You’ve successfully raised funds many times, what’s the secret?
It’s about the idea and finding the right people to match it. First you find the idea, then run it by a large number of people to get their opinions and advice. And that never stops—it’s a continuous process. Because we’re always asking the question: is there a way to do things better?
Making sure there is significant interest in an idea, and getting as much approval as possible is important—then it’s a matter of not accepting “no.” You have to be persistent and not fear failure. You have to know that you can go back to zero, and you have to be okay with that.
Has failure made you pause?
Nothing made me pause—never look back. Never. People keep telling me: “you can’t do this, it’s impossible.” I hear “no” continuously. They told me I couldn’t be a neurosurgeon because I can only see out of one eye and don’t have depth perception. They told me I couldn’t be a doctor without a high school diploma. They told me I couldn’t get my PhD because I don’t have an undergraduate degree. They told me I couldn’t start a neurological institute at UVa. I always hear “no.”

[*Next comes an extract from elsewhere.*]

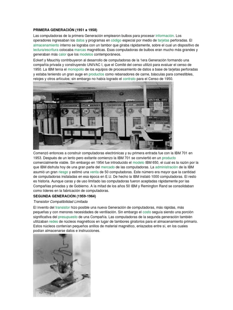 Comenz entonces a construir computadoras electrnicas y su primera entrada fue con la IBM 701 en 1953. Despus de un lento pero exitante comienzo la IBM 701 se convierti en un producto comercialmente viable. Sin embargo en 1954 fue introducido el modelo IBM 650, el cual es la razn por la que IBM disfruta hoy de una gran parte del mercado de las computadoras. La administracin de la IBM asumi un gran riesgo y estim una venta de 50 computadoras. Este nmero era mayor que la cantidad de computadoras instaladas en esa poca en E.U. De hecho la IBM instal 1000 computadoras. El resto es historia. Aunque caras y de uso limitado las computadoras fueron aceptadas rpidamente por las Compaias privadas y de Gobierno. A la mitad de los aos 50 IBM y Remington Rand se consolidaban como lderes en la fabricacin de computadoras. SEGUNDA GENERACIN (1959-1964) Transistor Compatibilidad Limitada El invento del transistor hizo posible una nueva Generacin de computadoras, ms rpidas, ms pequeas y con menores necesidades de ventilacin. Sin embargo el costo segua siendo una porcin significativa del presupuesto de una Compaa. Las computadoras de la segunda generacin tambin utilizaban redes de ncleos magnticos en lugar de tambores giratorios para el almacenamiento primario. Estos ncleos contenan pequeos anillos de material magntico, enlazados entre s, en los cuales podan almacenarse datos e instrucciones.

How did you develop the ability to move past failure and rejection so easily?
I think it has to do with growing up poor. There was a period of my life when I didn’t have food—I was essentially on the streets. I was 16 when I moved out of my parents’ house to work at a medical research facility. The facility was moving from New Jersey to Philadelphia, so I had the opportunity to go with them. We would do these experiments at night and I used to sleep on the conference room table or on operating tables. I didn’t have an official place to live and I wasn’t earning enough money to afford a lot of food; I remember eating the food we would feed the monkeys, or going to Father Divine’s Mission.
I can tell who grew up in modest circumstances and are wildly successful because they’re not afraid—they know they can go back and start over.